Richard Alston Dance Company

Time talks: youthful works stay fresh while mature works seem masked


This year’s Dance Umbrella festival sees contemporary dance acknowledging its own history. The latest programme to feature rare revivals of old works is by Richard Alston Dance Company , which opens with captivating excerpts of Alston’s choreography from 1969 to 1984. You watch the spare lines, muted moves and measured counterpoint of his earliest work as they become transfigured by sharper rhythmic variety, extend into irregular tilts and twists, and build into swift ensemble configurations. In the hushed partnering of Doublework (1978), the dancers fold in upon themselves, expressing both intimacy and isolation. Alston has never been brash, but these youthful works remain remarkably fresh, and are a delight to watch.

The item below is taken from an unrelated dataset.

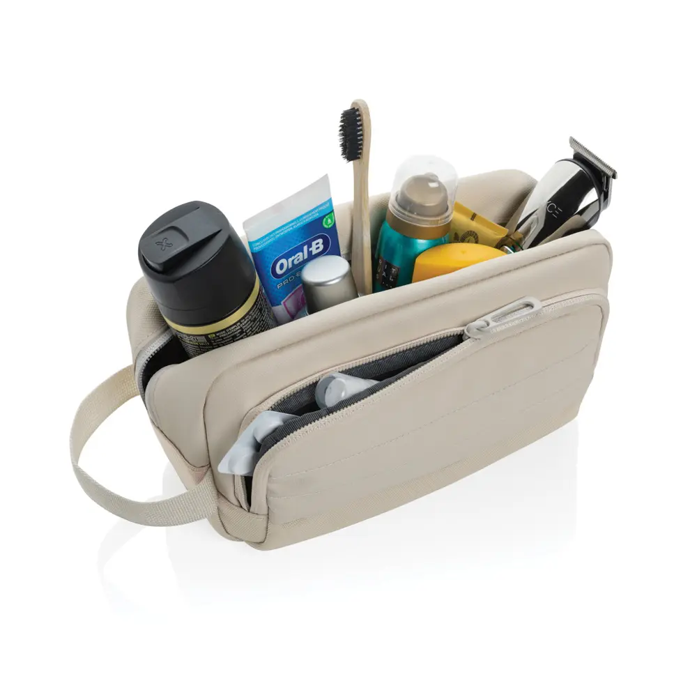 Gardez vos articles de toilette organisés avec élégance lors de vos déplacements professionnels. Cette trousse Armond offre un compartiment principal spacieux de 2,9 L pour vos essentiels, et une poche frontale zippée pour un rangement pratique des petits objets. Idéale pour les events et les cadeaux clients, elle se personalise facilement avec votre logo, renforçant votre image de marque durable.

Other Than I, a short piece by former company dancer Martin Lawrance, shows Alston’s stylistic influence, but gives it a more dramatic inflection. This brief encounter between two women contrasts their coiled spins and flung gestures with the open, soaring countertenor of a François Couperin song, churning up a moody undertow of disquiet. By contrast, Robert Cohan’s In Memory, made in 1989 for London Contemporary Dance Theatre, is in a style rarely seen today: sculpted shapes rendered dynamic by tension and torsion, and loaded with weighty symbolism. A male quartet, alternately bound by ritual and divided by antagonism, are joined by two women, one in combative red, another in yearning purple. It all feels rather dated and heavyhanded.

Time has made a different mark on the piece that closed the show, a new work by Alston. In Unfinished Business, the edge and determination of the early pieces has been replaced by something both softer and more conventional (it’s a pleasing piece, closely pegged to its Mozart score), yet more sophisticated in its detail. It also seems to mask, rather than express, its kernel of melancholy. That, perhaps, is age talking.